Tuesday 31 December 2013

The new year is here and, according to the Federation of Small Businesses (FSB), it is likely to be a positive one for limited companies and sole traders.

John Allan, national chairman of the organisation, said: "I feel 2014 is going to be the year of small business." This is despite the fact that the economy - while growing - is still fragile.

"FSB research indicates a sea change as firms feel more confident and want to invest and grow their businesses," he said.

The general election in 2015 is also likely to play in the favour of small companies. Mr Allan explained that the main political parties are beginning to set out their priorities for the coming year and, with almost all of the UK's 4.9 million businesses being small ones, winning their votes will be integral for success.

Indeed, the issues that affect limited companies and sole traders, such as access to finance, have been hot topics already, dominating business headlines in 2013.

The government - in whatever form it may take in the future - still has some work to do though and while conditions are likely to improve for small organisations, more support is needed.

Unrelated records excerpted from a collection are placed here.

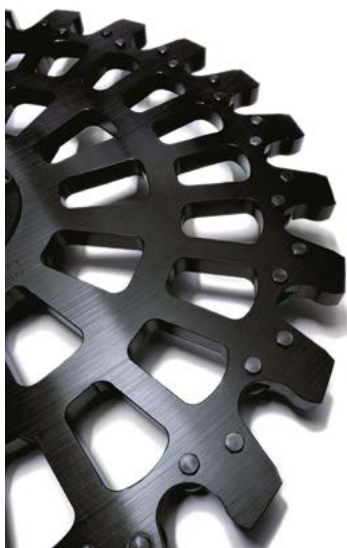
The indexed star wheel of an inspection machine receives articles from a conveyor and performs a rotate-and-stop cycle. Each time the wheel stops, static measuring heads perform one of a number of tests, checking parameters such as wall thickness.
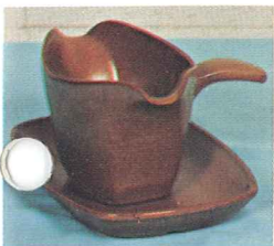
6S—TWO-SPOUT GRAVY 6.50 5PS—9" PLATTER-TRAY 3.75 6S/ST—TWO-SPOUT GRAVY/W TRAY 10.00
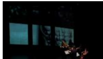
The Del Sol String Quartet performing Ken Ueno's "Peradam" with live video projections, OM 17 (IM.OM.FP.0017b.001)
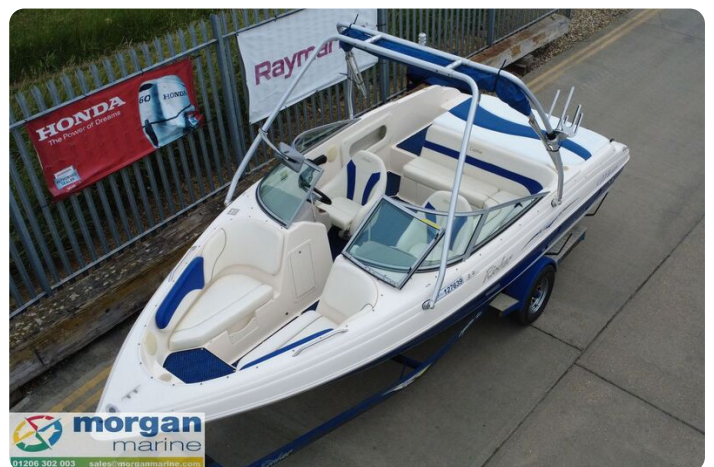
Rinker 212 bow rider - bow view
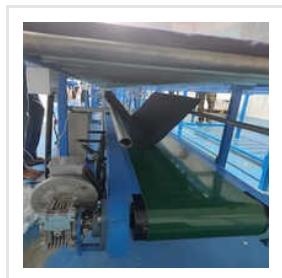
Inspection And Counting Conveyor
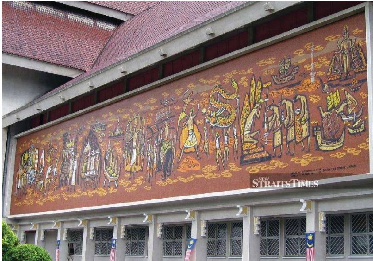
National Museum.
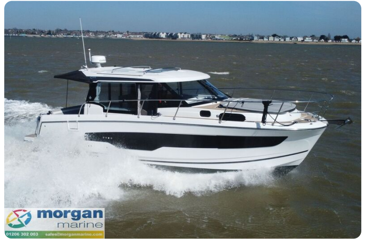
Merry Fisher 1095 - fenders
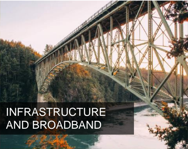
INFRASTRUCTURE AND BROADBAND
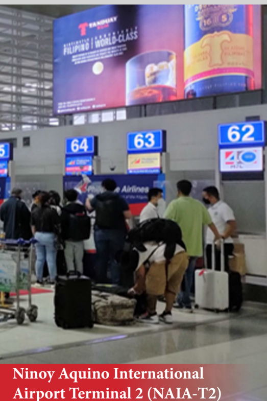
Ninoy Aquino International Airport Terminal 2 (NAIA-T2)

In addition to its recommendation to reinstate identified domestic and international flights, the DOT also proposes to strengthen its partnership with the DOTr on the aspect of air and sea routes development. DOT
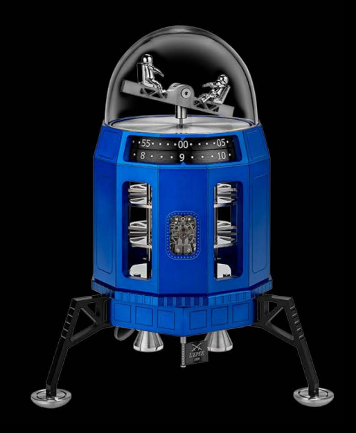
74.6008/404 HUMAN TO HUMAN

One area to be tackled is business rates. "I am personally shocked by the high cost of business rates," Mr Allan said. "In some cases small firms pay more in rates than rent. This cannot be right and the appeals process is often lengthy and unfair."

The government has committed to addressing the appeals backlog, however, demonstrating that the business environment is moving in the right direction.

Small Business Rate Relief has also been extended, but the FSB claims there must be a fundamental review of the system.

Tax and compliance will no doubt continue to be an issue for small companies, especially as HM Revenue and Customs works to crack down on avoidance and switch to a paperless system

Meanwhile, the FSB is calling for the government to look at national insurance contributions as a means to incentivise small firms to take on staff. Employment allowances and the young persons' allowance will also help when hiring begins.

However, hiring will undoubtedly be linked to the skills shortage and the lack of permanent staff with the abilities needed by employers will cause the self-employed to remain in demand.

Yet, the government can't afford to leave the skills issue to deal with itself. Mr Allan explained: "The economy continues to show signs of recovery with further growth expected next year. This must be underpinned by increasing the skills base and getting young people into the jobs market must be a priority."

For sole traders and limited companies working from a self-rented fixed premises, energy is likely to continue to be a contentious issue.

The FSB is looking for radical reforms to improve transparency and allow small firms to switch to more competitive energy deals with ease.

"Unlike households, small firms can't access published prices making it almost impossible to work out their future overheads," Mr Allan stated. "It isn't right that most micro businesses consume the same amount of energy as an average household yet are treated differently. It is only right that they are offered the same level of regulatory protection as domestic consumers."